Segment Start: The records
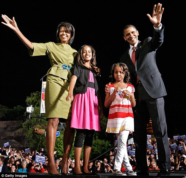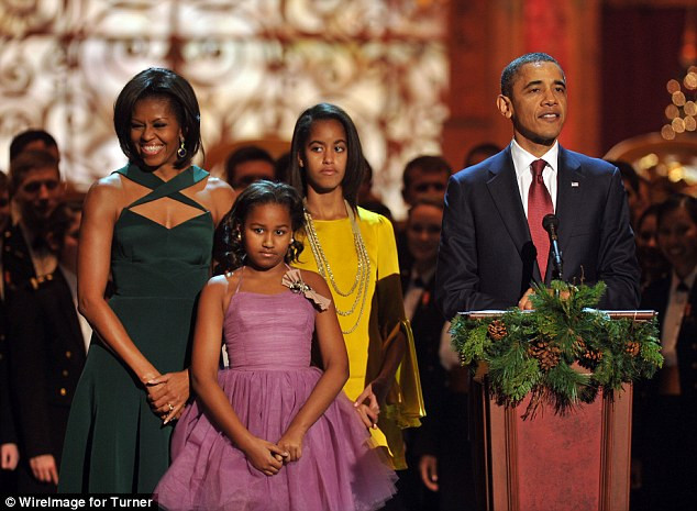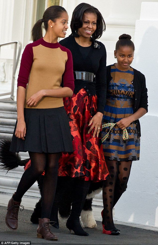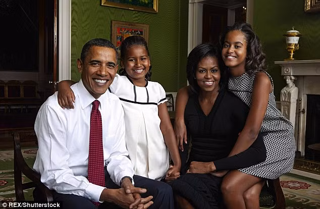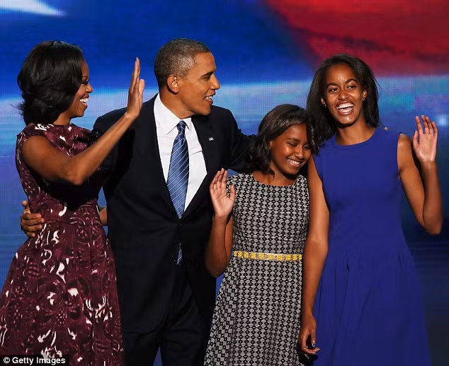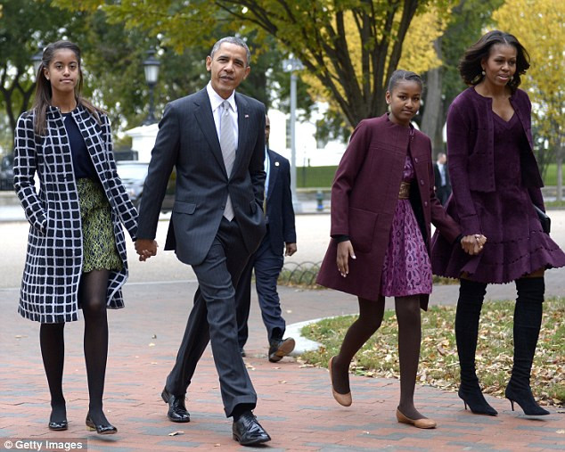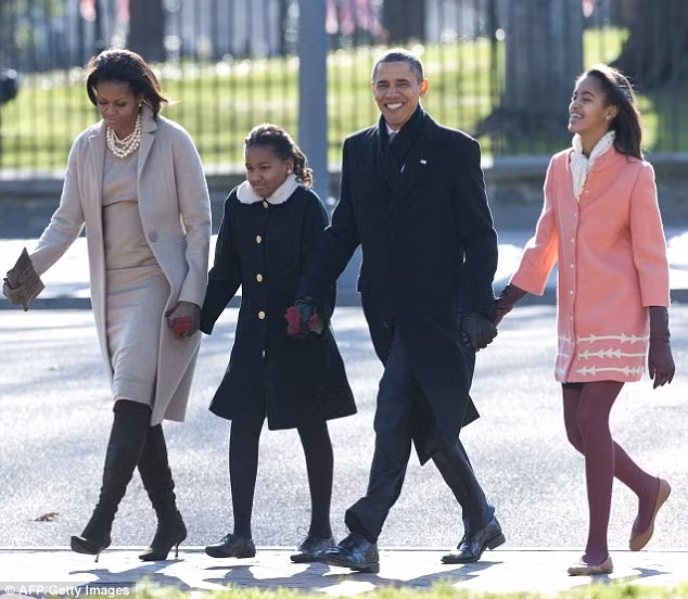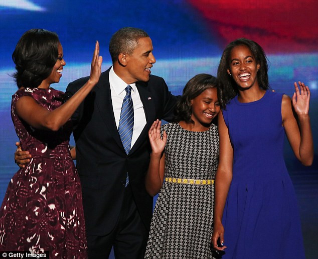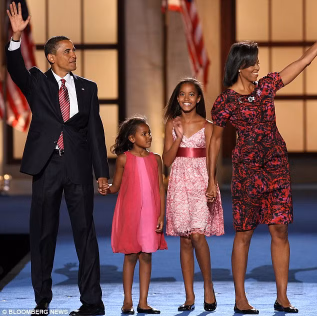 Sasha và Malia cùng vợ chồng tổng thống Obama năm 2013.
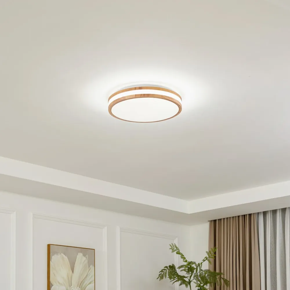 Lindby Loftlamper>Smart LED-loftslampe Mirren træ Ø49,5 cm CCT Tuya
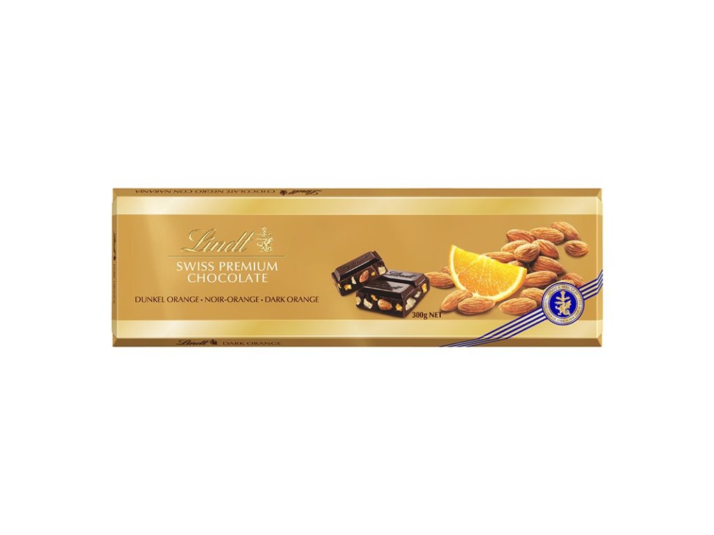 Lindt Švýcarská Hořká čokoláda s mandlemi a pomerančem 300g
Segment End: The records
Segment Start: The records
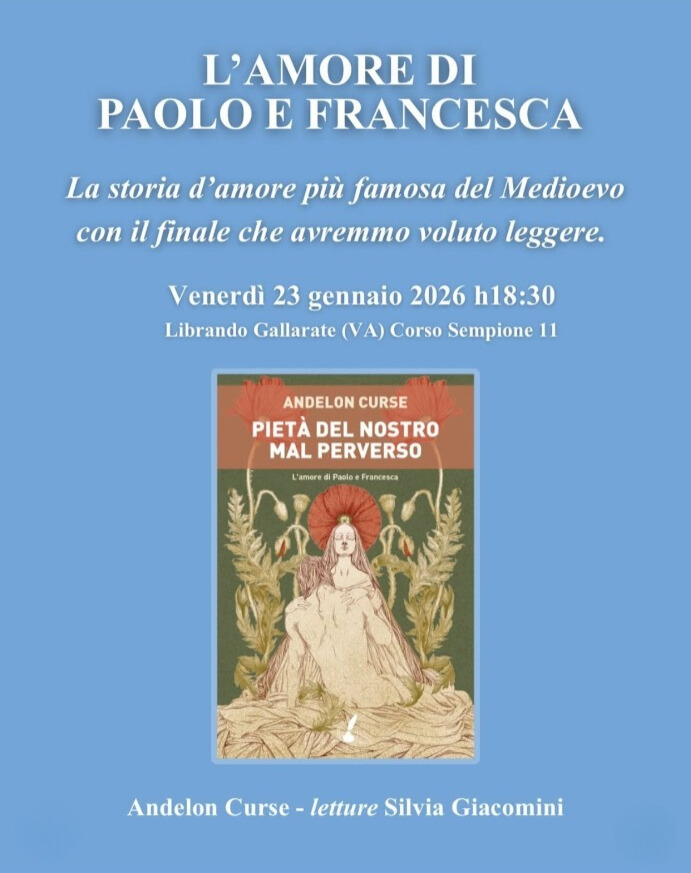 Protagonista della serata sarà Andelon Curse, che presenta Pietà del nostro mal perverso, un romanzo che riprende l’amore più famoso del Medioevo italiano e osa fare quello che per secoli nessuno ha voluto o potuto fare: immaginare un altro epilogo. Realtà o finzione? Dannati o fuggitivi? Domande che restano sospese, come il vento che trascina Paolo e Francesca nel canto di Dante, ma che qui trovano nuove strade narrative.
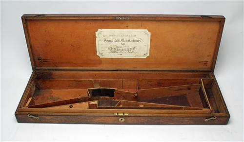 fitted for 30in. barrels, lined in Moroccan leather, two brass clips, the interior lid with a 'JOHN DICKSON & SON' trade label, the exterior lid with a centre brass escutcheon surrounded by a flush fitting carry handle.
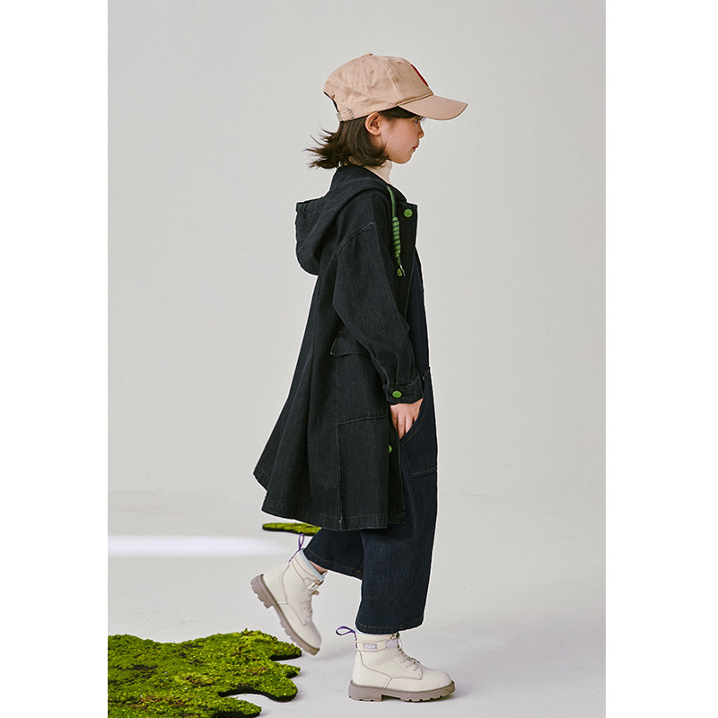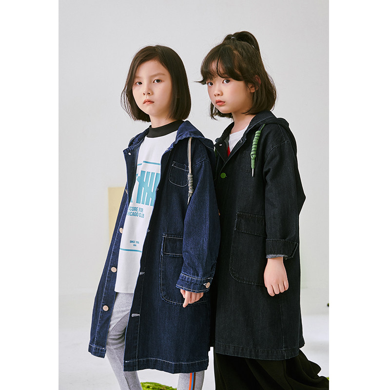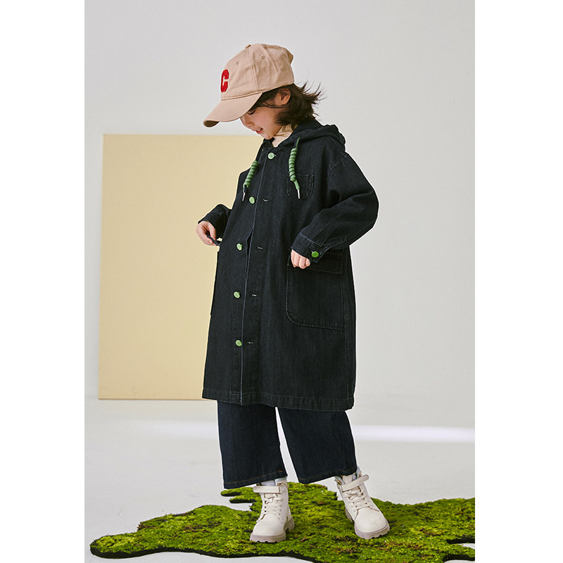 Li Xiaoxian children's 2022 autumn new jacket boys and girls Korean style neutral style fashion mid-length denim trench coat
Segment End: The records
### Assigned task
Only one part of the material above is wanted: the lines from the one with "fitted for 30in." up to and including the one with "Li Xiaoxian children's". Please copy them exactly, pictures left out.

### Result for this exercise
 fitted for 30in. barrels, lined in Moroccan leather, two brass clips, the interior lid with a 'JOHN DICKSON & SON' trade label, the exterior lid with a centre brass escutcheon surrounded by a flush fitting carry handle.
 Li Xiaoxian children's 2022 autumn new jacket boys and girls Korean style neutral style fashion mid-length denim trench coat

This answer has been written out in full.